AT&T も、同社に対する同様の反発が起きるまで、3G 経由の Apple の FaceTime サービスもブロックしていた。

Verizonも、競合するモバイル決済サービス「Isis」(あのISISではありません)の展開を待っていたため、長年Google Walletをブロックしていました。VerizonとComcastは、ネット中立性規則が可決される前からNetflixとYouTubeの通信量を制限していました。これは当時多くのユーザーがオンラインで報告していたことですが、Verizonは既に現在も同様の措置を講じています。

同じ ISP の中には、顧客のブラウジングのスパイ、ブラウジング ストリームへの広告の挿入、月々の料金や注文していない機器の過剰請求などの罪で有罪となった企業もあります。
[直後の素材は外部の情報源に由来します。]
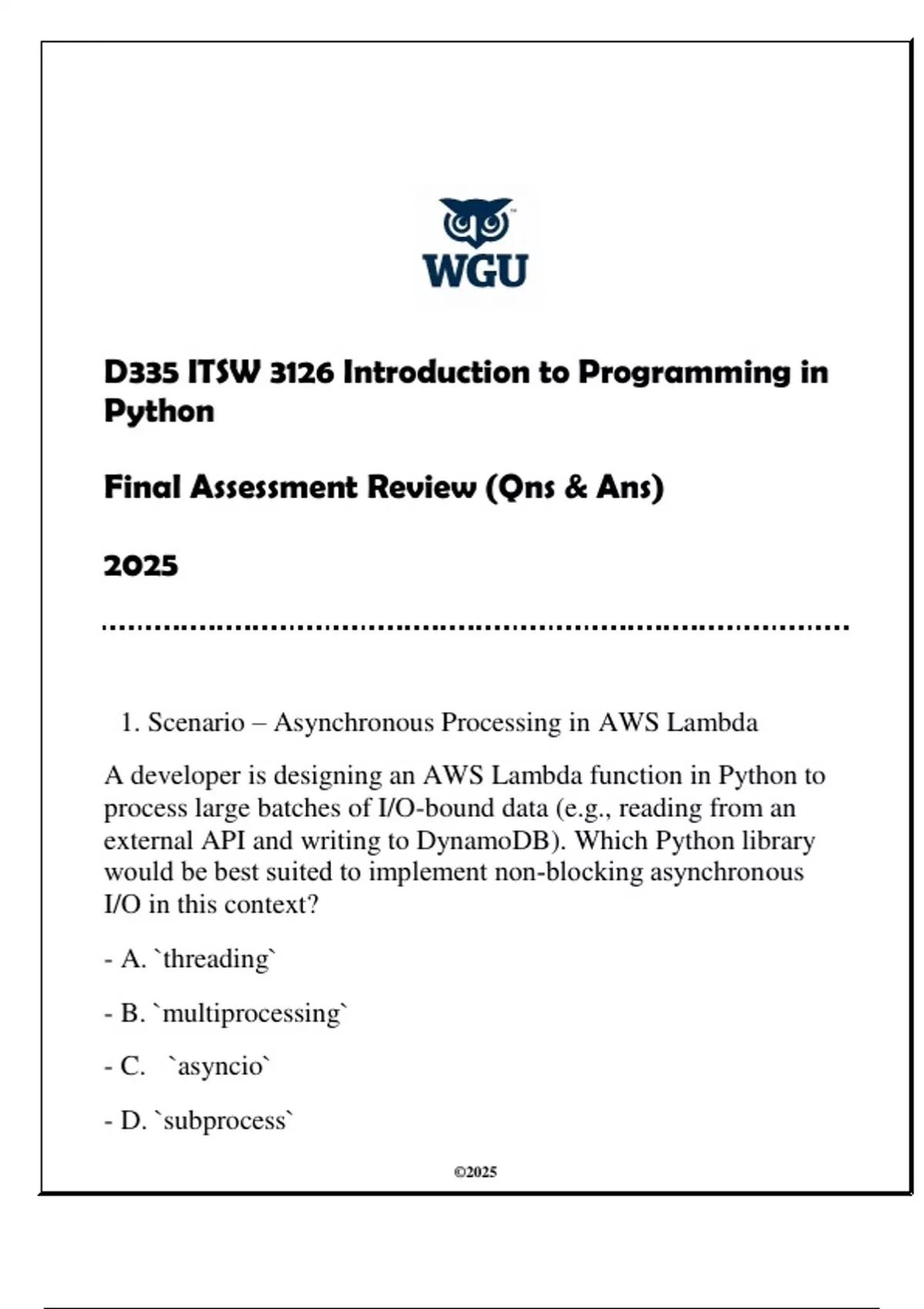 , Correct ANS: C. `asyncio`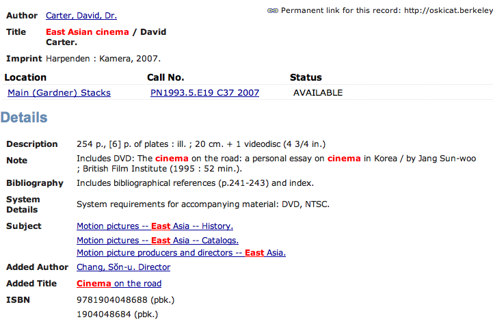 - We have a strong film studies department. Expect the library to have interesting books on specific directors, "Asian films", etc. This should be your solution to getting past all the web sites of dubious quality that are about Asian films. (The other topics: cultural, psychology of love, etc. are easier to research using traditional research methods such as JSTOR and so on.) Here's an example (and note the subject heading you could click on to find more resources):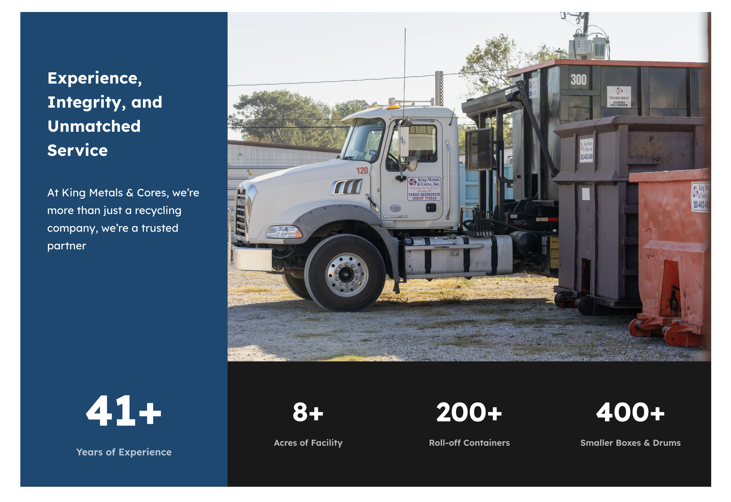 Challenge: King Metals & Cores needed a modern web presence that reflected the scale and professionalism of their operation. Their existing site felt dated, wasn’t optimized for local discovery, and wasn’t built to actively drive inbound business in a competitive scrap recycling market.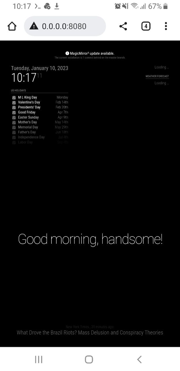 스마트폰/태블릿을 스마트 달력으로 만들기 위해 MagicMirror 라는 프로그램을 사용합니다.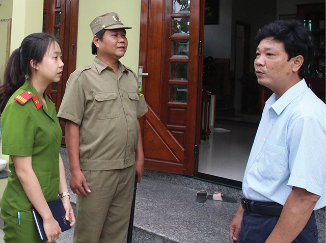 Bảo vệ tổ dân phố và cảnh sát khu vực phường Phú Hiệp (TP. Huế) thường xuyên về với người dân để nắm tình hình

したがって、ネット中立性規則が廃止されれば、ISP と通信事業者は規律を守るだけでなく、インターネットを消費者にとってよりよいものにするだろうというパイ氏の理論は、それを裏付ける証拠はあまりないようであり、むしろその逆である。

大手インターネットプロバイダーは、競争に打撃を与える機会、あるいは特定の種類のトラフィックを制限することで単にお金を節約する機会があれば、特にそうしないことで罰せられないようにする競争圧力がそれほど強くない場合は、それを受け入れることをすでに証明している。

次は何?

FCC委員長は既に、各州に対し、独自のネット中立性規則を制定しないよう警告しており、ISPはFCCの連邦規則に従えばよいため、独自の規則は無効であると示唆している。しかし、これはおそらく法廷で証明される必要があり、一部の州は独自の規則を制定することになり、ISPがそれに従わない場合は、州がISPを訴えることができる。州がISPに対して権限を有するかどうかは、裁判官の判断に委ねられることになる。
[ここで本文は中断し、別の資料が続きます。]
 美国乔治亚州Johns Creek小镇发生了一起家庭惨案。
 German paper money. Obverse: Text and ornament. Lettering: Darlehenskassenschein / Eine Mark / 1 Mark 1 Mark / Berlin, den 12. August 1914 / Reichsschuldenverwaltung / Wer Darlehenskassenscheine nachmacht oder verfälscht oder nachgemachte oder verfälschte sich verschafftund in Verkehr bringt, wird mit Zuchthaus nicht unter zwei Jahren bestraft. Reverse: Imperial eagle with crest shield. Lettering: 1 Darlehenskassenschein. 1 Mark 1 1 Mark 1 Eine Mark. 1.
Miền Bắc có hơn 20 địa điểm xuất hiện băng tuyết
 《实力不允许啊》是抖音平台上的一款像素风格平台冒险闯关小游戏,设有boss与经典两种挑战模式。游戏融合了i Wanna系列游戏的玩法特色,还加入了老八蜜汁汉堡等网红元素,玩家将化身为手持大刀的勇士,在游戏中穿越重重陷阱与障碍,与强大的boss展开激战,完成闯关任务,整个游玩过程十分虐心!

議会も常に選択肢の一つです。FCCのような行政機関に頼ってISPが従うべき規則を4年ごと、あるいはFCCの幹部交代ごとに定めるのではなく、議会がそれらの規則を法律として制定することも可能です。現在の議会の構成はそうすることに賛成していないようですが、来年は新たな選挙が控えているため、ネット中立性に関する規則を法律として制定する機会が生まれるでしょう。
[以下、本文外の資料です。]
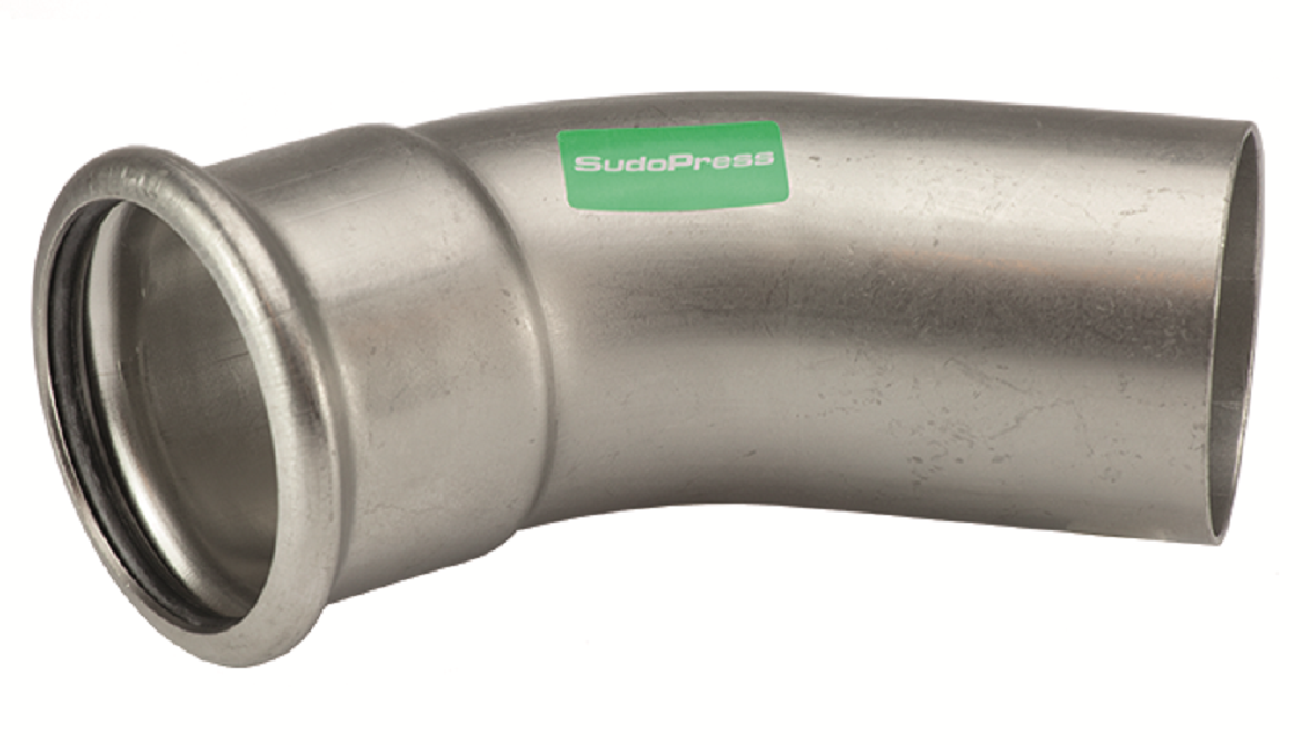 VSH SudoPress Rostfri böj 45° 88.9. Följande användningsområden: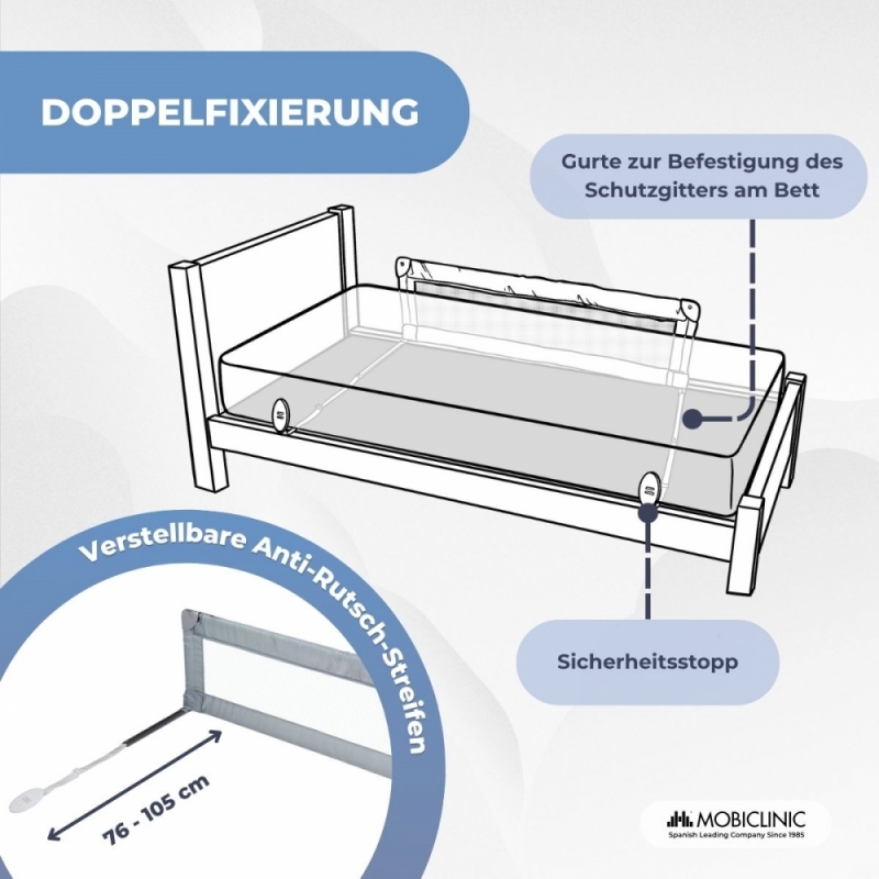EXTRA SICHERHEIT MIT BEFESTIGUNGEN : Das Doppelverriegelungssystem mit Anker und zusätzlichem Sicherheitsgurt unter der Matratze sorgt dafür, dass das Schutzgitter fest an seinem Platz bleibt und sich nicht vom Bett löst. Die perfekte Lösung für die Sicherheit der Eltern und die Sicherheit der Kleinen!

一方、ニューヨーク州のエリック・シュナイダーマン司法長官は、パイ氏が200万件の「廃止賛成」のパブリックコメントが偽の身元で投稿されたという事実を完全に無視したことを受け、FCCを廃止に関して提訴することを既に表明している。このため、ニューヨーク州司法長官は、FCCによる規則廃止は虚偽の口実に基づいて行われたと考えている。

ルシアン・アルマスは、Tom's Hardware USの寄稿ライターです。ソフトウェア関連のニュースやプライバシーとセキュリティに関する問題を取り上げています。